The example we’ll give is a ‘Normalise’ operator, which analyzes the entire input image to find the highest value and then normalizes this value to 1.0.

void Normalise::renderStripe ( ImagePlane& imagePlane )
{
  Format format = input0().format();

  // these useful format variables are used later
  const int fx = format.x();
  const int fy = format.y();
  const int fr = format.r();
  const int ft = format.t();

  const int height = ft - fy ;
  const int width = fr - fx ;

  ChannelSet readChannels = input0().info().channels();

  Interest interest( input0(), fx, fy, fr, ft, readChannels, true );
  interest.unlock();

  // fetch each row and find the highest number pixel
  for ( int ry = fy; ry < ft; ry++) {
    progressFraction( ry, ft - fy );
    Row row( fx, fr );
    row.get( input0(), ry, fx, fr, readChannels );
    if ( aborted() )
      return;

    foreach( z, readChannels ) {
      const float *CUR = row[z] + fx;
      const float *END = row[z] + fr;
      while ( CUR < END ) {
        maxValue = std::max( (float)*CUR, _maxValue );
        CUR++;
      }
    }
  }

  input0().fetchPlane(imagePlane);
  imagePlane.makeUnique();

  foreach( z, channels ) {

    static int chanNo = imagePlane.chanNo(z);

    for (int y = imagePlane.bounds().y();
         y != imagePlane.bounds().t();
         y++) {
      float *CUR = imagePlane.writableAt(imagePlane.bounds().x(), y, chanNo);
      const float *END = imagePlane.writableAt(imagePlane.bounds().r(), y, chanNo);
      while ( CUR < END ) {
        *CUR++ *= ( 1. / maxValue );
      }
    }
  }
}

Note

Note that this means that the processing will not be multi-threaded entirely optimally, as the actual rescaling of the pixel values is being done serially rather than in parallel. This could be avoided by a more complex structure, or you could insert your own calls to multi-thread.

Note

Accessing the entire image involves precalculating the entire source image before work can begin on calculating the target image. This means that the Op can both have a large memory footprint and form a breakage in the scanline processing architecture, thus in many circumstances appearing ‘slow’ to users in the interface. If your algorithm can be refactored to not rely on the entire source image, then it should.

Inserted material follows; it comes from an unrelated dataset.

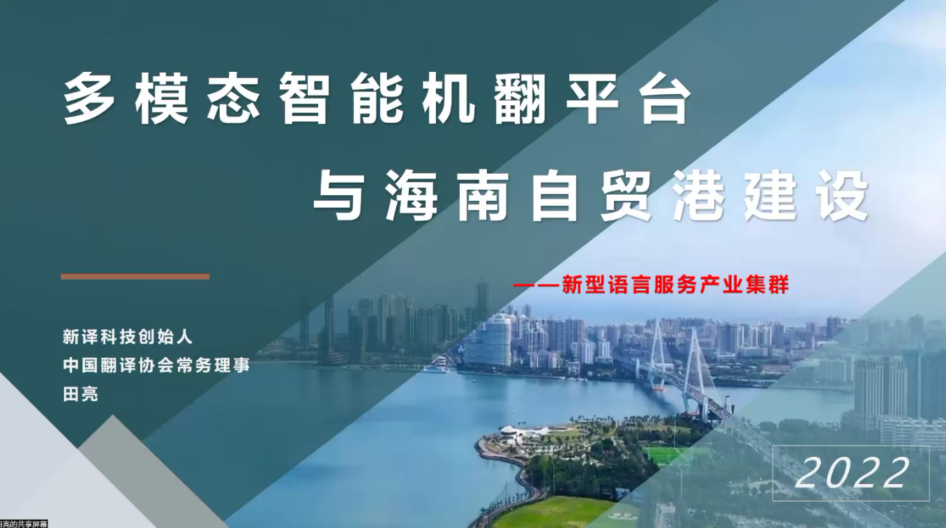 新译信息科技(深圳)有限公司田亮董事长就“智能语言服务助力海南自贸港建设”进行演讲,从新型语言服务产业集群的角度,介绍语言服务行业产业发展现状,提出海南自贸港建设对语言服务存在巨大需求,关于海南发展智能机翻推动语言服务产业发展提出五点建议,并表示新译科技可以为海南的发展提供有力支撑。

Exercise: Build a Median Node

Now, let’s take what we’ve covered so far in this section and apply it. For this exercise, take the SimpleBlur.cpp source code in the NDK, get it building, and then:

  • Change its name to SimpleMedian and ensure it can be created in the Node Graph (DAG).

  • Add a knob to the node to control the Median size.

  • Amend the engine to find the median value of the Tile and set the output Pixel as required.

  • Amend the help and tooltip texts to reflect this.

  • Relax with a satisfying pint of beer.